In a 9-month period, we fingerprinted and entered into FPC 28,582 large insert bacterial clones. These clones correspond to a variety of mapping projects, including an estimated sevenfold redundant sampling of the C. briggsae genome cloned in fosmids, and PAC and BAC clones spanning >50 Mb of human chromosome 7. Throughput has averaged 893 lanes of data per week since the inception of the effort, including the time for development and implementation of the current protocols. Recent throughput routinely exceeds 1300 lanes per week. The current fingerprinting team consists of five technicians: one full-time employee involved in preparation and digestion of DNA and recordkeeping, two full-time employees performing interactive band calling using the program Image, one full-time employee inoculating 96-well cultures, constructing, and curating glycerol stocks, one half-time contig constructor, and one half-time supervisor. Gel pouring, loading, and postelectrophoresis staining duties are shared by these team members.
The high throughput and high quality of the data have provided clones in excess of that required to fuel our current sequencing goals.

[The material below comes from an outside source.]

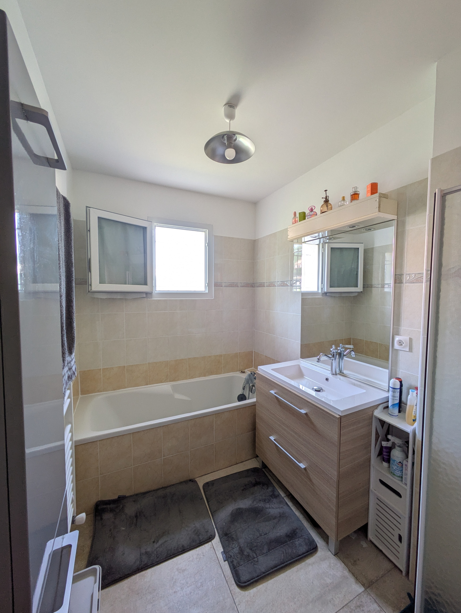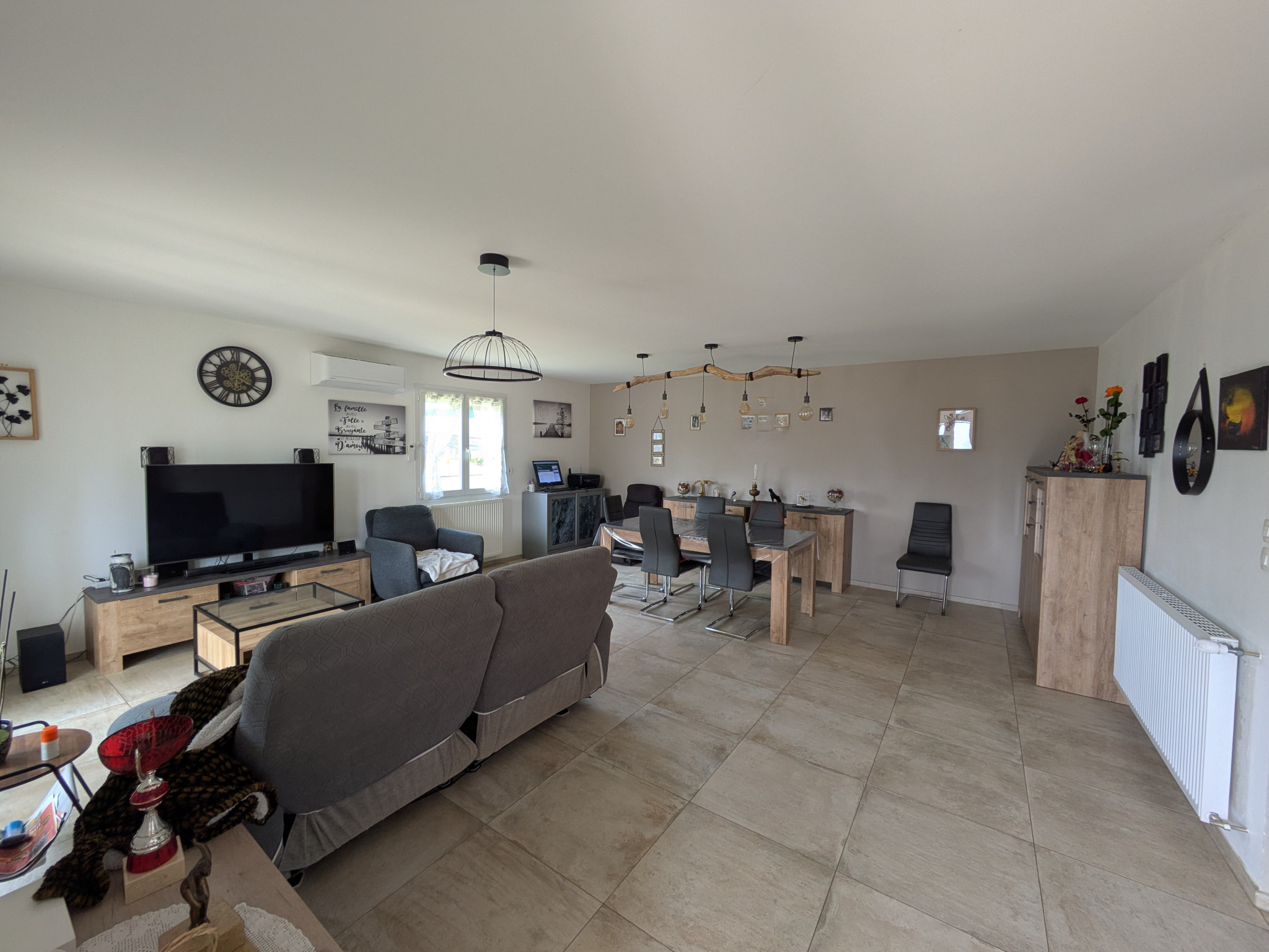 La maison est chauffée avec des radiateurs par une chaudière au gaz de ville + clim réversible (idéale l’été) de 2024 dans le salon pouvant largement prendre le relais sur le chauffage l’hiver. Fenêtres en pvc avec volets solaires et moustiquaires. Toiture en bon état. Isolation des combles rajoutée courant 2022 + isolation au plafond au garage. Electricité aux normes. Store banne électrique côté terrasse.

These features of our method, coupled with inexpensive reagents and stable large-insert clones make fingerprint analysis of large genomic segments eminently feasible.
METHODS
Preparation of DNA
Culture volumes of 1200 μl of 2X YT (Sambrook et al. 1989) containing 12.5 μg/ml of chloramphenicol (Sigma; fosmids and BACs) or kanamycin (Sigma; P1 and PAC clones) or the appropriate quantity of antibiotic for the cosmids under study were inoculated with a single colony from a freshly streaked plate. Cultures were grown in 2-ml 96-well blocks (Beckman; part 140504) for 24 hr at 37°C with agitation at 300 rpm in a Labline incubator shaker. After growth glycerol stocks in 96-well format were prepared by combining 50 μl of 80% glycerol with 100 μl of culture and mixing with a 12-channel pipettor. The microplates were sealed with Scotch brand heavy duty aluminum foil tape and stored at −80°C.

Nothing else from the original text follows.